Furthermore, for the compressor 2, a drive other than a constant speed or variable speed electric motor may be employed if desired.

Moreover, it is to be understood that, in addition to the above-described fluid-operated actuator, the fluid pressure drive circuit of the present invention is applicable to other fluid-operated actuators, and may employ an operating gas other than above-described compressed air.

As clear from the foregoing description, in the fluid pressure drive circuit according to the present invention, exhaust compressed gas from a fluid-operated actuator is collected in the low pressure tank and reused by recirculating same to the actuator without releasing exhaust gases to the outside. This contributes not only to reduce the energy consumption to a considerable degree but to prevent environmental contamination which would be caused by releases of exhaust gases entraining contaminant foreign matter.

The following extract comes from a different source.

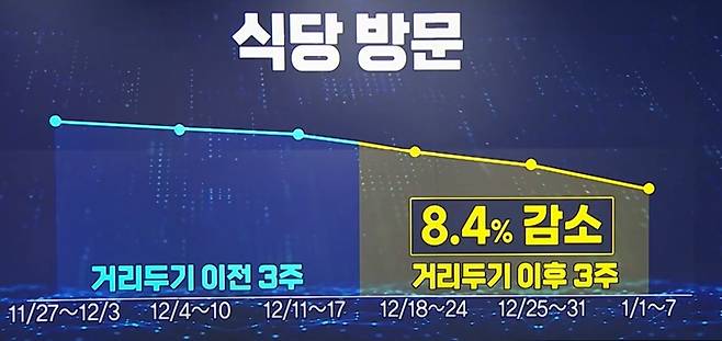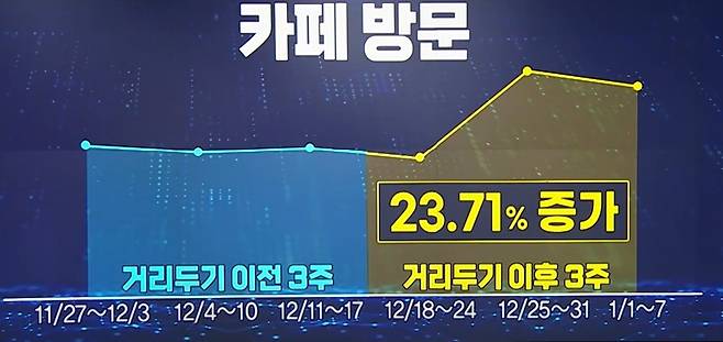 ‘거리두기 강화 이후, 전국 식당과 카페 이용률이 얼마나 달라질까? 두 업종에 미치는 영향이 비슷할까, 다를까?’

The fluid pressure drive circuit according to the invention is particularly suitable for application to automatic operation of a fluid-operated actuator, and can be installed by simple piping work which involves only connections of external pipes between the second change-over valve and a fluid-operated actuator to be driven.

Claims

1. A fluid pressure drive circuit for a fluid-operated actuator or the like, the drive circuit comprising:

a compressor for compressing an operating gas;

a gas source and a low pressure tank switchably connectible to an intake end of said compressor through a first change-over valve;

a high pressure tank connected to a discharge end of said compressor to hold therein a compressed gas from said compressor;

a high pressure conduit for supplying said compressed gas from said high pressure tank to said actuator;

a low pressure conduit for recovering exhaust gas discharges from said actuator into said low pressure tank; and

a second change-over valve for connecting said high pressure conduit and said low pressure conduit selectively to said actuator, wherein a reducing valve is connected between said high pressure conduit and said low pressure conduit to supply the compressed gas from said high pressure tank to said low pressure tank.

2. A fluid pressure drive circuit as defined in claim 1, wherein said low pressure tank is provided with a pressure switch thereby to change the connection of said intake end of said compressor from said gas source to said low pressure tank by switching the position of said first change-over valve as soon as said low pressure tank reaches a predetermined pressure level.

3. A fluid pressure drive circuit as defined in claim 2, wherein all component parts except said actuator are built into a single casing to form an integrated unit.